While sexual activity statistics remain steady, the Emerson Hospital survey data show that 45% of high school respondents, 34% of eighth grade respondents, and 27% of sixth grade students report having ever talked about AIDS or HIV infection with their parents or other adults in their family. This represents a downward trend in all three grade categories in the number of students having candid conversations about HIV/AIDS with their parents.

Role of gender in risky behavior
The role of gender in risk behaviors varied widely.

Female respondents were more likely to:
• experience dating violence
• injure themselves on purpose
• indicate that they are currently trying to lose weight
• go without eating for 24 hours or more
• sleep an average of seven or fewer hours each night

Male respondents were more likely to:
• gamble
• offer/sell/give illegal drugs on school property
• recently used marijuana
• engage in binge drinking in the past month
• smoke cigars or cigarillos in the past month
• ever tried cigarette smoking
• carry a weapon on school property
• ride with an impaired driver

Males and females engaged in certain risk behaviors at similar rates, including:
• experiencing cyber-bullying
• attempting suicide
• taking diet pills/powders/liquids without a doctor’s advice
• eating breakfast on fewer than five days during the previous week
• engaging in recent sexual intercourse


About the survey
The 2010 Emerson Hospital Youth Risk Behavior Survey, which is funded by Emerson Hospital as part of its community benefits program, was coordinated by Northeast Health Resources of Haverhill, Mass., a data collection and consulting firm specializing in teen surveys conducted in Massachusetts. 

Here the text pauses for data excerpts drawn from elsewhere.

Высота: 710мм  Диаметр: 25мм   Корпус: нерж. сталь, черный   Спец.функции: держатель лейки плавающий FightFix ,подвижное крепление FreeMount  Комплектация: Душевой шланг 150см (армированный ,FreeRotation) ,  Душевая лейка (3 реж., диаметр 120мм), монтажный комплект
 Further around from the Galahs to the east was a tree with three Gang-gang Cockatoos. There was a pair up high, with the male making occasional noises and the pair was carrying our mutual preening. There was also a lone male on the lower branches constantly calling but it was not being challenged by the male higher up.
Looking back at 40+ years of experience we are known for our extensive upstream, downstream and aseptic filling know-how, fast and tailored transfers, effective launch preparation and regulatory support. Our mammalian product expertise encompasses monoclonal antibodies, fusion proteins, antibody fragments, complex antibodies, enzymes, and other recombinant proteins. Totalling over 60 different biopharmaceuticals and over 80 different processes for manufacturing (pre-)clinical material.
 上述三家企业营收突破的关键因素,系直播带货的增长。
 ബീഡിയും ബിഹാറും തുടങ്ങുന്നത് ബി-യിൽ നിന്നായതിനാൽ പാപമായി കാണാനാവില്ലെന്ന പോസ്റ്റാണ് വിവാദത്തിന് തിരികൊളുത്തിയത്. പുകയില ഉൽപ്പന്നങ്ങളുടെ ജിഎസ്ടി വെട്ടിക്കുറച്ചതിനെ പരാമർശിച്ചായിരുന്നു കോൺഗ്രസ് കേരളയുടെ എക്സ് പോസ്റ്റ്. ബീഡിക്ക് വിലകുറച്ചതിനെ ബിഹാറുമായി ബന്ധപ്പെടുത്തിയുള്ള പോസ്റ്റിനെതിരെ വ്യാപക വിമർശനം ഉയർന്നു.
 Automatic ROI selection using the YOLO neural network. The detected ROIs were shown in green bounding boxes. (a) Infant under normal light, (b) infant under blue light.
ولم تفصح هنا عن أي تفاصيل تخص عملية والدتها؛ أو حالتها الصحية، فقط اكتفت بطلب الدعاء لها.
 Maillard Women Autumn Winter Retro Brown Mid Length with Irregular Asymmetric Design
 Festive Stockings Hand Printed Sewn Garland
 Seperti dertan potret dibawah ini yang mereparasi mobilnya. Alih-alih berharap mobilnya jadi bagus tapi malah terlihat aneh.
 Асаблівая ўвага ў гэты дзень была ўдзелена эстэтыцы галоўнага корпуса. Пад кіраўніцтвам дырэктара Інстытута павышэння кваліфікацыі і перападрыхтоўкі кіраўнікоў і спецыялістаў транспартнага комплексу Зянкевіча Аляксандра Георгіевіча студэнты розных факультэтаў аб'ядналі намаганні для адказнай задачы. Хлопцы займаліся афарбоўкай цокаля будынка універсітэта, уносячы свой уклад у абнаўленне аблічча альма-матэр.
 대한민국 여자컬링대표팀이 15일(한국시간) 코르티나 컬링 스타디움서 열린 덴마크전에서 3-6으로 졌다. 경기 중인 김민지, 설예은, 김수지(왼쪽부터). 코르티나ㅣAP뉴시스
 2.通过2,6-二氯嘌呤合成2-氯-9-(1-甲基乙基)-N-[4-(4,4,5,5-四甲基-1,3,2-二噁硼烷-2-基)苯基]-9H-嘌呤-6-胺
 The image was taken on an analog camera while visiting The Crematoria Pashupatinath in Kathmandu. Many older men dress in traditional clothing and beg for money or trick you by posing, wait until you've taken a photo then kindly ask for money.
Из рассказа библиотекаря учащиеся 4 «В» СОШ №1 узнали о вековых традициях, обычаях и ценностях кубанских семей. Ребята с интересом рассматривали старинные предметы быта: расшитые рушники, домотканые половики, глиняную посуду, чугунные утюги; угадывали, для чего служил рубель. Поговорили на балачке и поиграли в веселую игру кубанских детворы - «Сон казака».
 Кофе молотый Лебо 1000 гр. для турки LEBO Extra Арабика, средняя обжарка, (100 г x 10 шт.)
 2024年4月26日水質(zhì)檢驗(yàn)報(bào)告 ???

The survey was administered on a voluntary basis in March 2010 to more than 8,500 public school students in grades 6, 8 and 9 through 12 in seven school systems. These include Acton and Acton-Boxborough Regional Schools, Boxborough (grade 6 only), Concord and Concord-Carlisle Regional Schools, Groton-Dunstable Regional Schools, the Littleton Public Schools, the Maynard Public Schools, and the Westford Public Schools.  Students replied to 62 questions in grade 6, 89 questions in grade 8, and 111 questions in high school.

The data is provided to health coordinators and top public school administrators and is used to set school health and health promotion goals, and support modifications of school health curricula or other programs.

The complete Emerson Hospital Youth Risk Behavior Survey report will be available under "community health resources" on Emerson Hospital’s Web site at www.emersonhospital.org.